I think that the companies that will succeed in the future are the ones that successfully use PR to engage third parties to reach new customers, provide those prospective customers with the sales tools and information they need to make a decision and then provide excellent ongoing support to cultivate and enhance the relationship.
It's OK to Be a Maverick, but You'd Better Watch Your Backside.
When I first read Nathan's opinion piece above, I couldn't help but think he was playing the maverick. And we all know what happens to mavericks when they get caught. They get a hot iron put to their hind quarters (interestingly known as branding), sent back to the corral and ultimately to the slaughter house.
Nathan does provide some interesting points, however.

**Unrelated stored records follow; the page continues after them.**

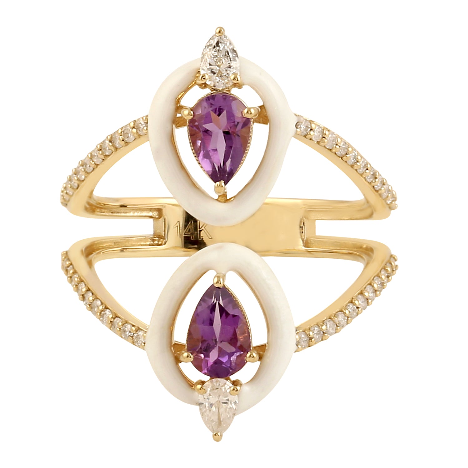 14k Yellow Gold Micro Pave Diamond Pear Cut Amethyst Enamel Designer Ring
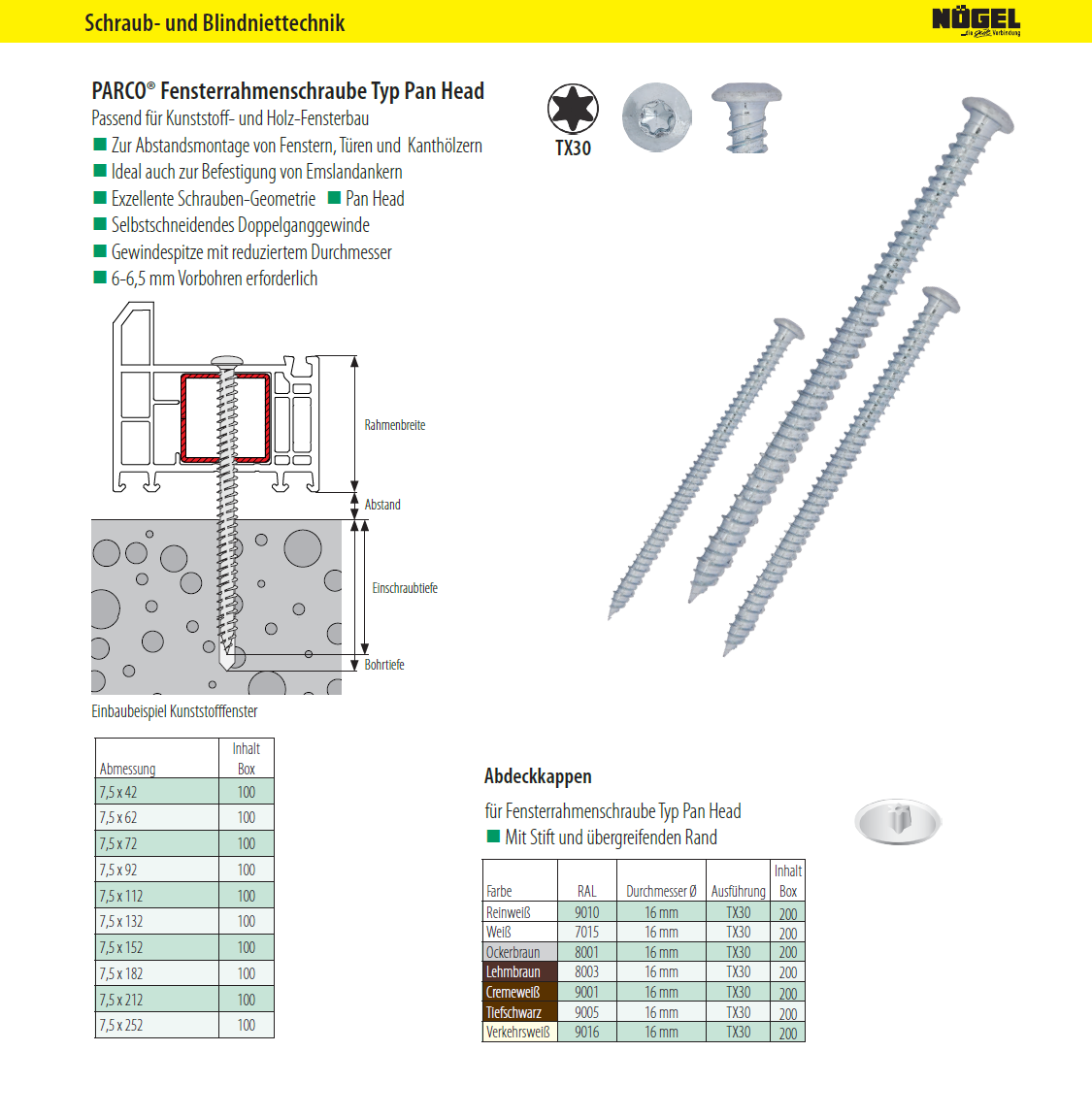 PARCO® Fensterrahmenschrauben Pan Head Torx, Stahl verzinkt 7,5x182
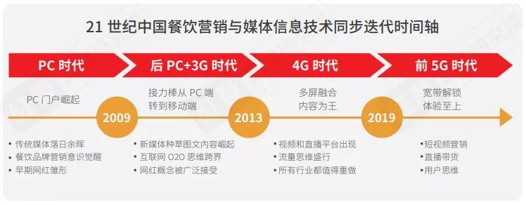 这一阶段4G技术得到广泛推广应用,一方面随着网红成为非常普遍的社会现象,其内涵也从稍有负面转变成中性词。图文内容依然广泛传播,视频创作和直播平台的出现,给餐饮营销带来了新的渠道和工具,短视频营销成为餐饮品牌导流的新模式。
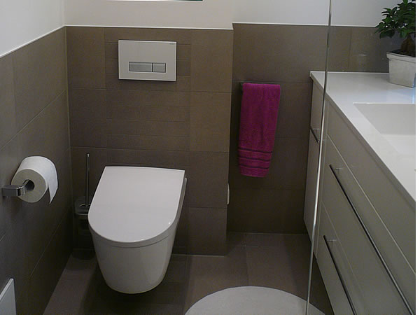 Mit einer auf Maß angefertigte bodenstehende Waschtischanlage und einem großen Spiegelschrank wurde die maximale Staufläche erreicht. Ein besonderer Luxus ist außerdem das eingebaute Aquaclean-WC.

How do we as marketers reach the segments of our target audience who may be increasingly resistant to traditional message delivery strategies? We do live in a society in which many consumers would prefer to get their decision-influencing information on their own terms. DVRs are used for more than just recording TV programs. There's a reason why over 18 million people visit WebMD.com every month. And the decline of newspaper readership, especially among young adults, has been well documented.

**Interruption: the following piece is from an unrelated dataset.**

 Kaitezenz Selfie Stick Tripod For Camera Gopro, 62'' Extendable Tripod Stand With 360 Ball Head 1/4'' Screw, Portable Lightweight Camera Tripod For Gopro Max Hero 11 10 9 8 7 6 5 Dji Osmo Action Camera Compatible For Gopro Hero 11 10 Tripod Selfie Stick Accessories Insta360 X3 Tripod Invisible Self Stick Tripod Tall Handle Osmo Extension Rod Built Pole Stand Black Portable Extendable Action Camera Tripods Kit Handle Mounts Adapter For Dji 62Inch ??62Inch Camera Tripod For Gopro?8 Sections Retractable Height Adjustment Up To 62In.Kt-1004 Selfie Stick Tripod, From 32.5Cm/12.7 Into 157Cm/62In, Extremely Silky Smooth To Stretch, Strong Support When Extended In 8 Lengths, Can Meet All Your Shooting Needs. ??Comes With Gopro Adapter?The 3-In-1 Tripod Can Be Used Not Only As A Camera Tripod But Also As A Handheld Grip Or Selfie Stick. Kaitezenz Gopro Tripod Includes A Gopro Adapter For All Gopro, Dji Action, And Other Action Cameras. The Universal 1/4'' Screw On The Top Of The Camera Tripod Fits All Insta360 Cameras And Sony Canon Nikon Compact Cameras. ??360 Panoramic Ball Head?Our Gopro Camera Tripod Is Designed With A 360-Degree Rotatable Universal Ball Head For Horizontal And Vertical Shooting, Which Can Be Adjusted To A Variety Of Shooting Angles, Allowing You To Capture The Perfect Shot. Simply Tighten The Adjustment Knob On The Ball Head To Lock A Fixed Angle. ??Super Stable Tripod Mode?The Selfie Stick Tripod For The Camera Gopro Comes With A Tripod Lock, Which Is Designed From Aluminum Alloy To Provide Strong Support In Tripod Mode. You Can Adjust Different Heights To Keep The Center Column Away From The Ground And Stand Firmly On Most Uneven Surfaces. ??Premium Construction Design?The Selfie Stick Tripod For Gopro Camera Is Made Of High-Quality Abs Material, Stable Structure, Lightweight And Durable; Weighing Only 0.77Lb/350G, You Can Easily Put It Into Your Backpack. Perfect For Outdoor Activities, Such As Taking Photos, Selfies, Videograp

Where I believe Nathan's conclusions break down is the assumption that all consumers think and act the same way he does. To be sure, one can make generalizations that GenX-ers and GenY-ers have different attitudes than an old Boomer like me. But they still represent a very diverse set of buying habits and preferences. If they didn't respond to traditional message delivery vehicles, do we really think the iPod and iPhone would be the cultural phenomena that they have become simply through word-of-mouth? When it comes to understanding youth culture, Apple is a very sophisticated marketing company. They recognize the value of creating buzz about products and viral marketing. But they also know they need to prime the pump so to speak through traditional marketing methodologies.

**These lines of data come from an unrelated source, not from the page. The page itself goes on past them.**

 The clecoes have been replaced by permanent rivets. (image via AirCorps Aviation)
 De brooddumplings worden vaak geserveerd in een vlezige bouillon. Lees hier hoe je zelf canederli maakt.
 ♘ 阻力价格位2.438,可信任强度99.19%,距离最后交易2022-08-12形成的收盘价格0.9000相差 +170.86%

DVRs may be the ultimate commercial avoidance device, yet you may be interested to know that half of the people who use them do NOT skip through the commercials. Here's another interesting statistic. 74 percent of US adults read a newspaper each week either in print or online. And it should not be assumed that online advertising is any less invasive than print advertising.
Nathan says that when he is looking for new products, he reads online reviews or goes to the company's Web site. But how does he know that new product - or even a new product category - exists? At some point, he had to be exposed to this information. It could have come through an online article or word-of-mouth, but chances are also good that the chain of communication he is responding to originated with an ad or story in offline media. Again, someone had to prime the pump to get the stream of communications flowing in the first place.
The bottom line here is that effective marketing involves targeting one's messages and message delivery systems in ways that will reach potential customers with maximum impact. For some customers, that may mean PR, social media or other non-traditional or non-invasive tools. For others, that might involve a very traditional media mix. Marketing has never been a "one size fits all" discipline. The only thing that has changed is that there are a lot more sizes and styles to fit into the marketing mix.